◆ **ACTIVITY**:
Please restate the listing word for word, omitting the images.

========

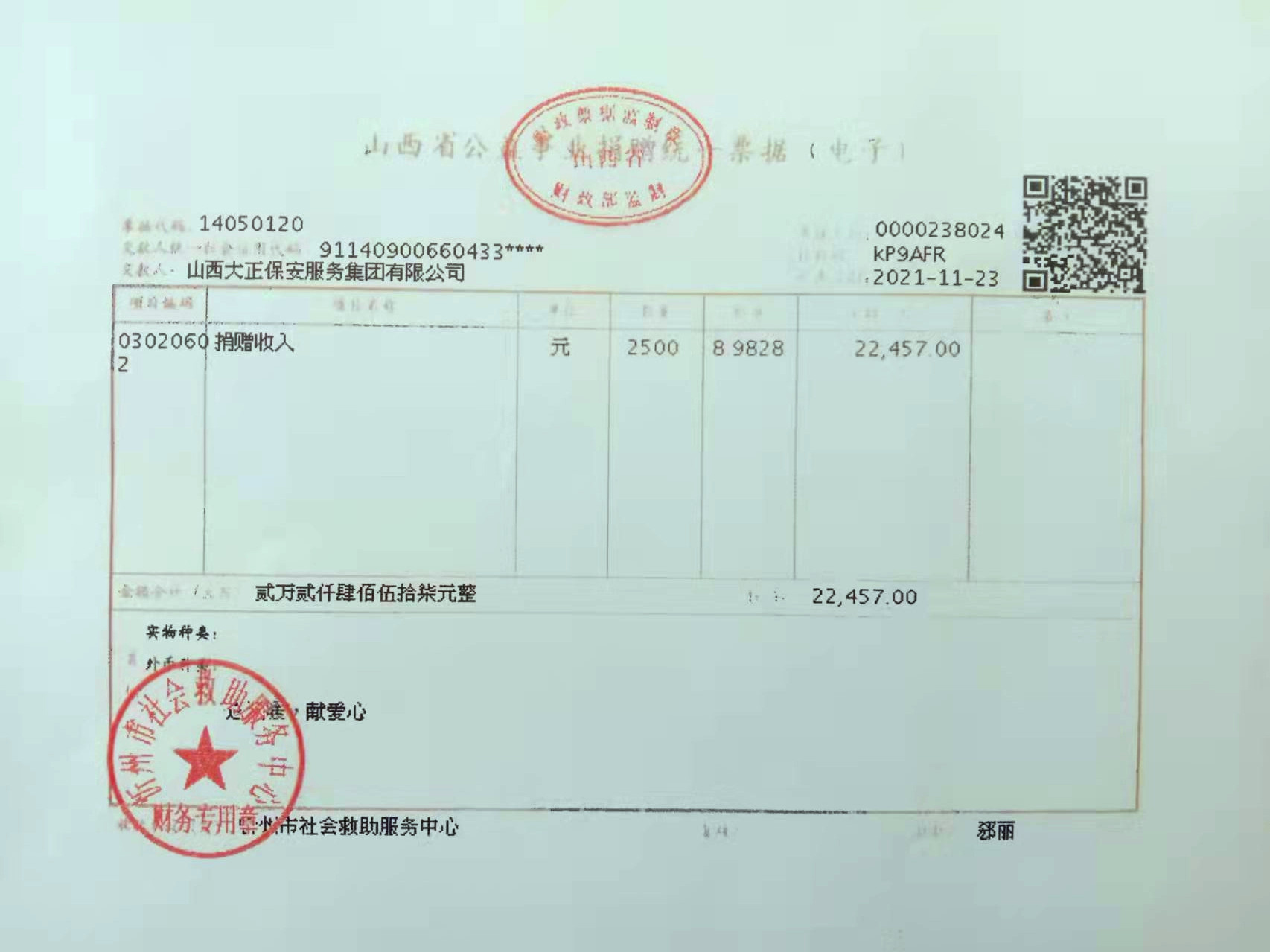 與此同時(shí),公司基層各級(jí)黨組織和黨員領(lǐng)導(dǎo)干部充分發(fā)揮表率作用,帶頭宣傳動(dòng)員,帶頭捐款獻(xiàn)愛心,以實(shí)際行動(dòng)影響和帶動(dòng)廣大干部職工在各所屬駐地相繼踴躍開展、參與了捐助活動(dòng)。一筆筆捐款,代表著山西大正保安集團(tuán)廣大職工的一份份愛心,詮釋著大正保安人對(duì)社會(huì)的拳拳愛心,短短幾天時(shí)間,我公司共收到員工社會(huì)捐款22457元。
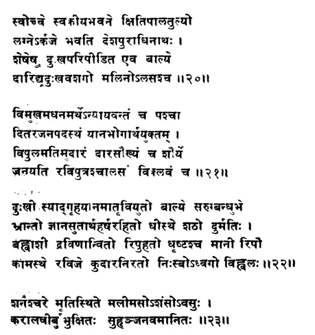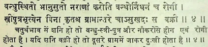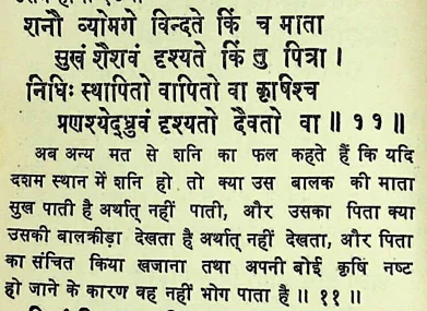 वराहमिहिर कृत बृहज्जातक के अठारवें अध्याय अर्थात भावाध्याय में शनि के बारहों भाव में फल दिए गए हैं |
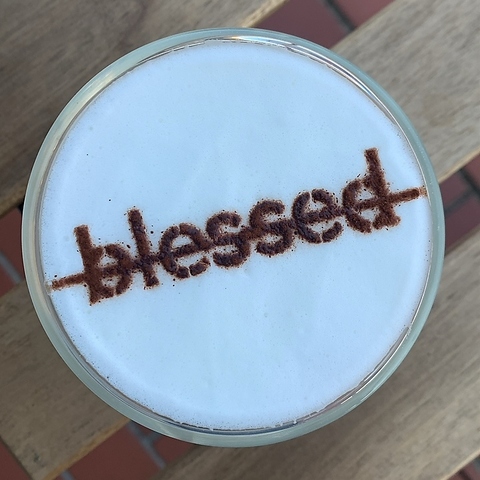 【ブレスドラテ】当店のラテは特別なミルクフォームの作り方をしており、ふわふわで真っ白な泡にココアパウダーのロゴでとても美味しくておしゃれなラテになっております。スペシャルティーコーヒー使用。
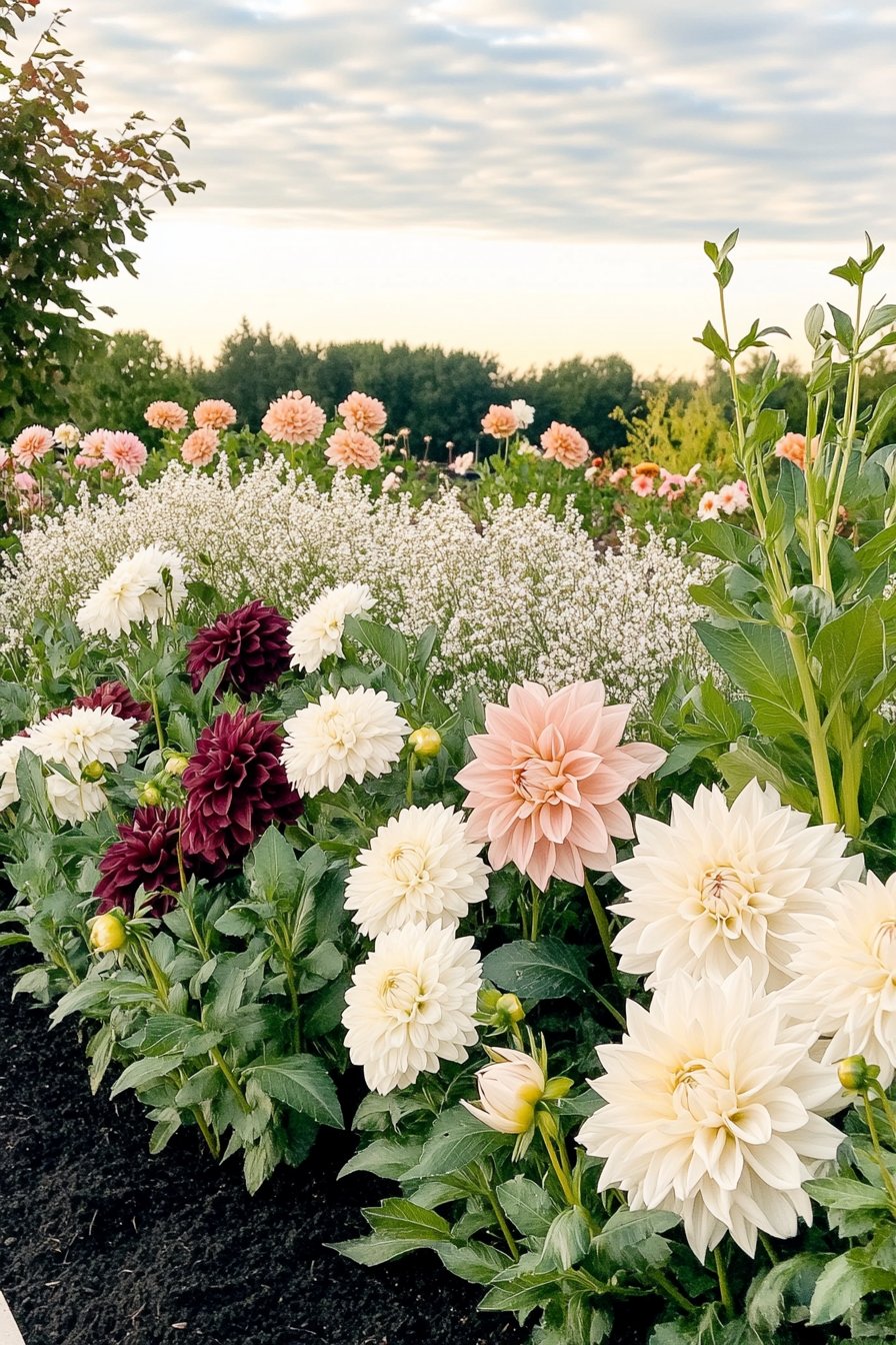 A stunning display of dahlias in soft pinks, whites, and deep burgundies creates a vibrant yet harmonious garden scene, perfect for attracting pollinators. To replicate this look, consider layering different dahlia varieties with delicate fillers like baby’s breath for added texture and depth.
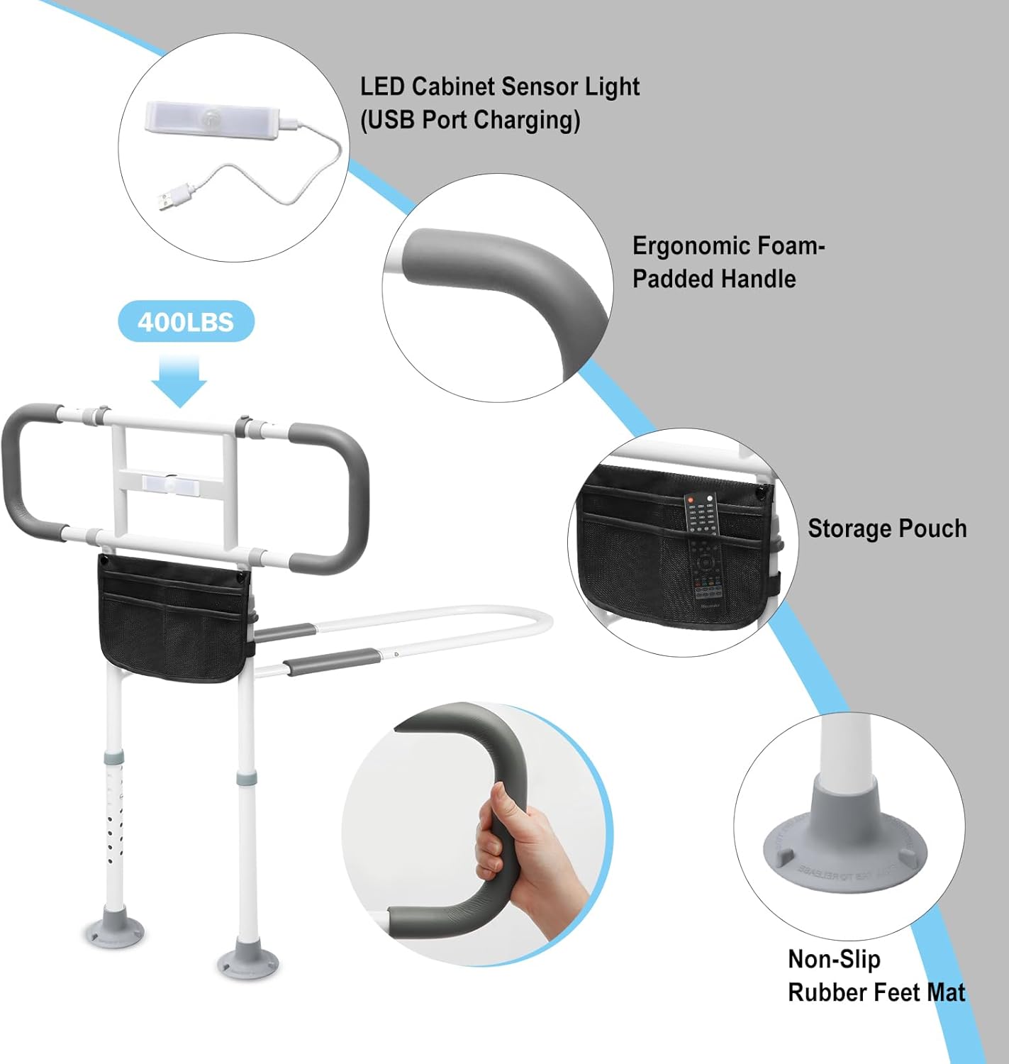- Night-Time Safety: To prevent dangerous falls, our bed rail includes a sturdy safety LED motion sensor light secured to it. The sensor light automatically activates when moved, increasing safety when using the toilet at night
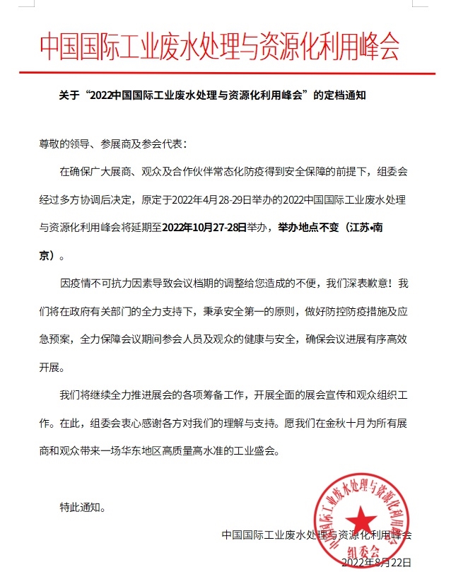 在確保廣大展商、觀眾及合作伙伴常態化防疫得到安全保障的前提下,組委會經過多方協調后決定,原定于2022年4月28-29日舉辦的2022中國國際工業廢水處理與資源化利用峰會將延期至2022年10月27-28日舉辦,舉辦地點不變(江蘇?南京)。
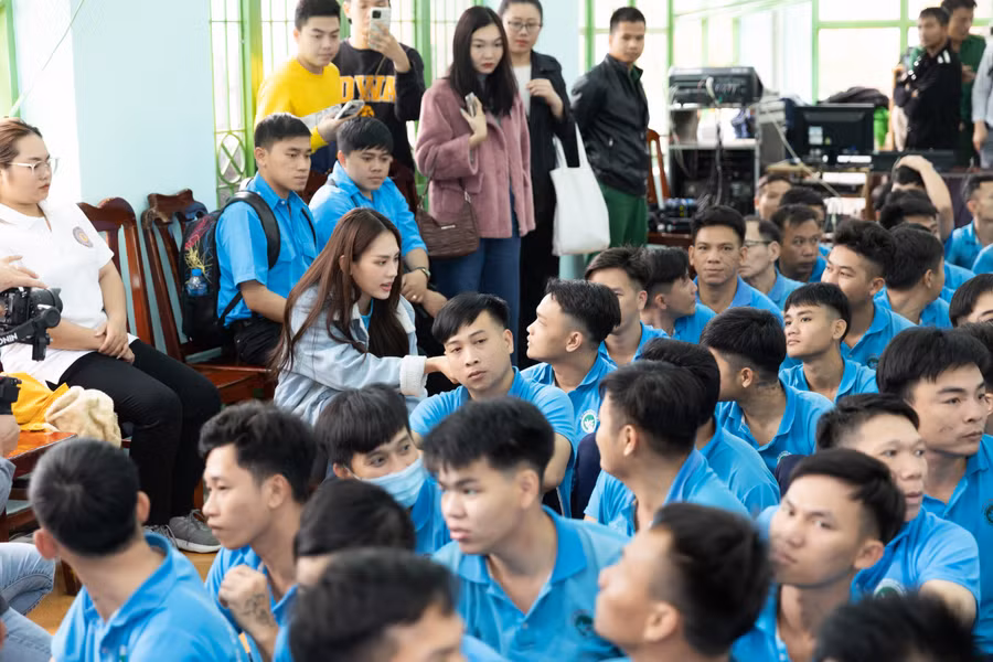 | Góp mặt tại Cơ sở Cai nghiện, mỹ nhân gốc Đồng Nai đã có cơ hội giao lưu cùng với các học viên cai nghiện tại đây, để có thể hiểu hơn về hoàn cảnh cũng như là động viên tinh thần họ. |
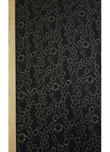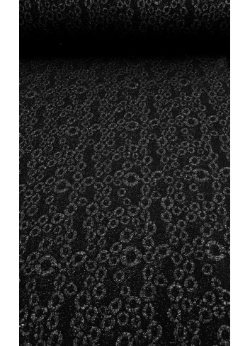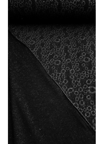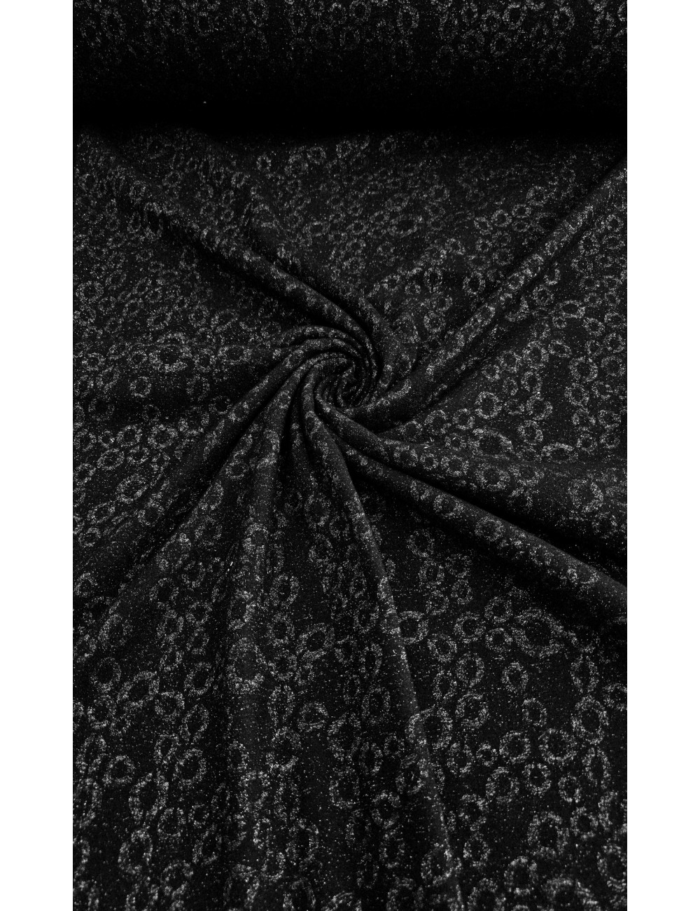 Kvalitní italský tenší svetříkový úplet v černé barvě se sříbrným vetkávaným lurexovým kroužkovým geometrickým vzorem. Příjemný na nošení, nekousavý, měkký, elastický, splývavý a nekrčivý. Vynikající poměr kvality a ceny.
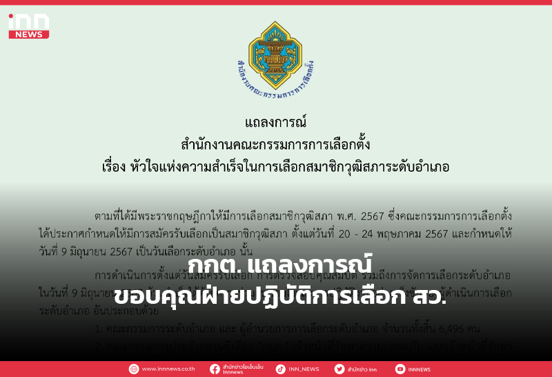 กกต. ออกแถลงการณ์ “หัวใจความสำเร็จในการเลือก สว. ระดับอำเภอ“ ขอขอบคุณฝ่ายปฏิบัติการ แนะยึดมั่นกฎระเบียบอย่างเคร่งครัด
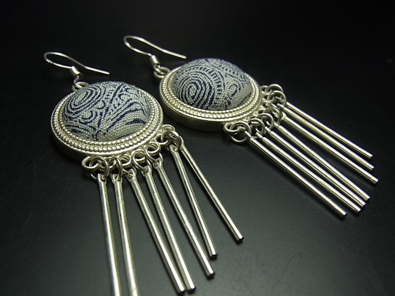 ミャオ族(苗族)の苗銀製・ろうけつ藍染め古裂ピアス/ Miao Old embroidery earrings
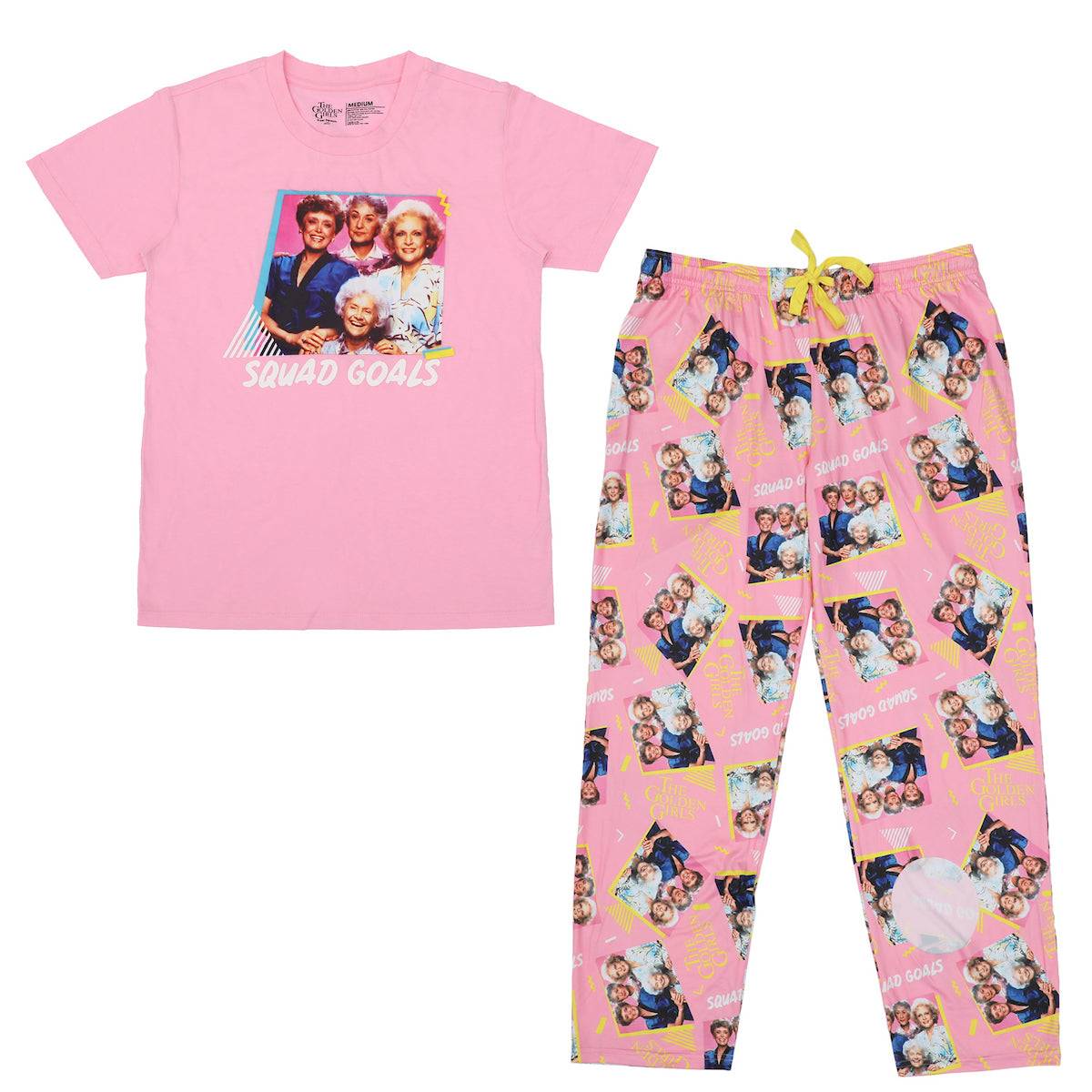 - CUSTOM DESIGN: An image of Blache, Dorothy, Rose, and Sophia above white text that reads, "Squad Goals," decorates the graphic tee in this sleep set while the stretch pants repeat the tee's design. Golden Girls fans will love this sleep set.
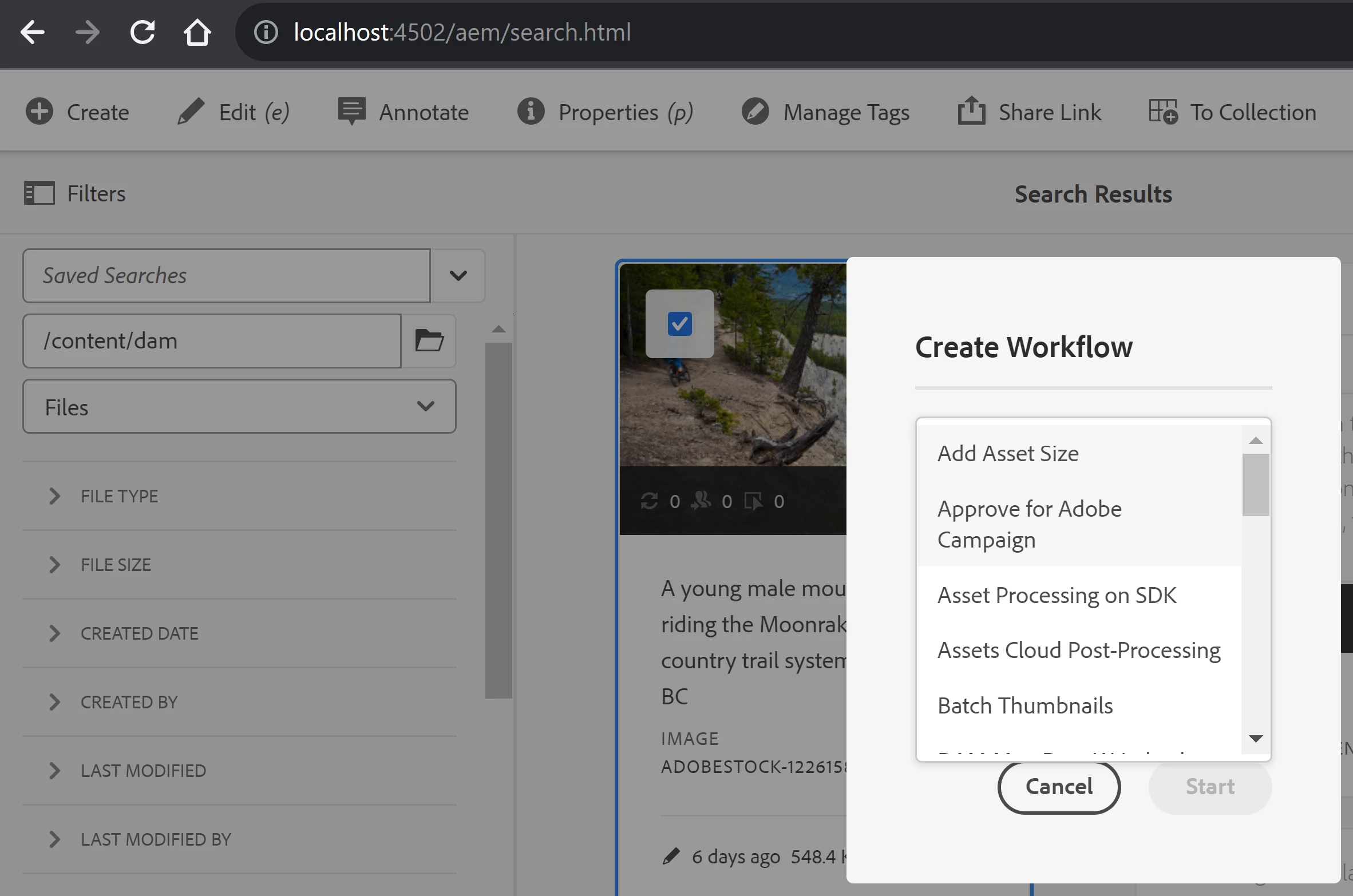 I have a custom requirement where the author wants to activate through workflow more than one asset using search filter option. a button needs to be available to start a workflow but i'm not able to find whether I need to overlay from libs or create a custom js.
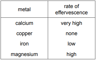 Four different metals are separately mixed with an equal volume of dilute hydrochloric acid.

========

◆ **ANSWER AREA**:
 與此同時(shí),公司基層各級(jí)黨組織和黨員領(lǐng)導(dǎo)干部充分發(fā)揮表率作用,帶頭宣傳動(dòng)員,帶頭捐款獻(xiàn)愛心,以實(shí)際行動(dòng)影響和帶動(dòng)廣大干部職工在各所屬駐地相繼踴躍開展、參與了捐助活動(dòng)。一筆筆捐款,代表著山西大正保安集團(tuán)廣大職工的一份份愛心,詮釋著大正保安人對(duì)社會(huì)的拳拳愛心,短短幾天時(shí)間,我公司共收到員工社會(huì)捐款22457元。
 वराहमिहिर कृत बृहज्जातक के अठारवें अध्याय अर्थात भावाध्याय में शनि के बारहों भाव में फल दिए गए हैं |
 【ブレスドラテ】当店のラテは特別なミルクフォームの作り方をしており、ふわふわで真っ白な泡にココアパウダーのロゴでとても美味しくておしゃれなラテになっております。スペシャルティーコーヒー使用。
 A stunning display of dahlias in soft pinks, whites, and deep burgundies creates a vibrant yet harmonious garden scene, perfect for attracting pollinators. To replicate this look, consider layering different dahlia varieties with delicate fillers like baby’s breath for added texture and depth.
- Night-Time Safety: To prevent dangerous falls, our bed rail includes a sturdy safety LED motion sensor light secured to it. The sensor light automatically activates when moved, increasing safety when using the toilet at night
 在確保廣大展商、觀眾及合作伙伴常態化防疫得到安全保障的前提下,組委會經過多方協調后決定,原定于2022年4月28-29日舉辦的2022中國國際工業廢水處理與資源化利用峰會將延期至2022年10月27-28日舉辦,舉辦地點不變(江蘇?南京)。
 | Góp mặt tại Cơ sở Cai nghiện, mỹ nhân gốc Đồng Nai đã có cơ hội giao lưu cùng với các học viên cai nghiện tại đây, để có thể hiểu hơn về hoàn cảnh cũng như là động viên tinh thần họ. |
 Kvalitní italský tenší svetříkový úplet v černé barvě se sříbrným vetkávaným lurexovým kroužkovým geometrickým vzorem. Příjemný na nošení, nekousavý, měkký, elastický, splývavý a nekrčivý. Vynikající poměr kvality a ceny.
 กกต. ออกแถลงการณ์ “หัวใจความสำเร็จในการเลือก สว. ระดับอำเภอ“ ขอขอบคุณฝ่ายปฏิบัติการ แนะยึดมั่นกฎระเบียบอย่างเคร่งครัด
 ミャオ族(苗族)の苗銀製・ろうけつ藍染め古裂ピアス/ Miao Old embroidery earrings
 - CUSTOM DESIGN: An image of Blache, Dorothy, Rose, and Sophia above white text that reads, "Squad Goals," decorates the graphic tee in this sleep set while the stretch pants repeat the tee's design. Golden Girls fans will love this sleep set.
 I have a custom requirement where the author wants to activate through workflow more than one asset using search filter option. a button needs to be available to start a workflow but i'm not able to find whether I need to overlay from libs or create a custom js.
 Four different metals are separately mixed with an equal volume of dilute hydrochloric acid.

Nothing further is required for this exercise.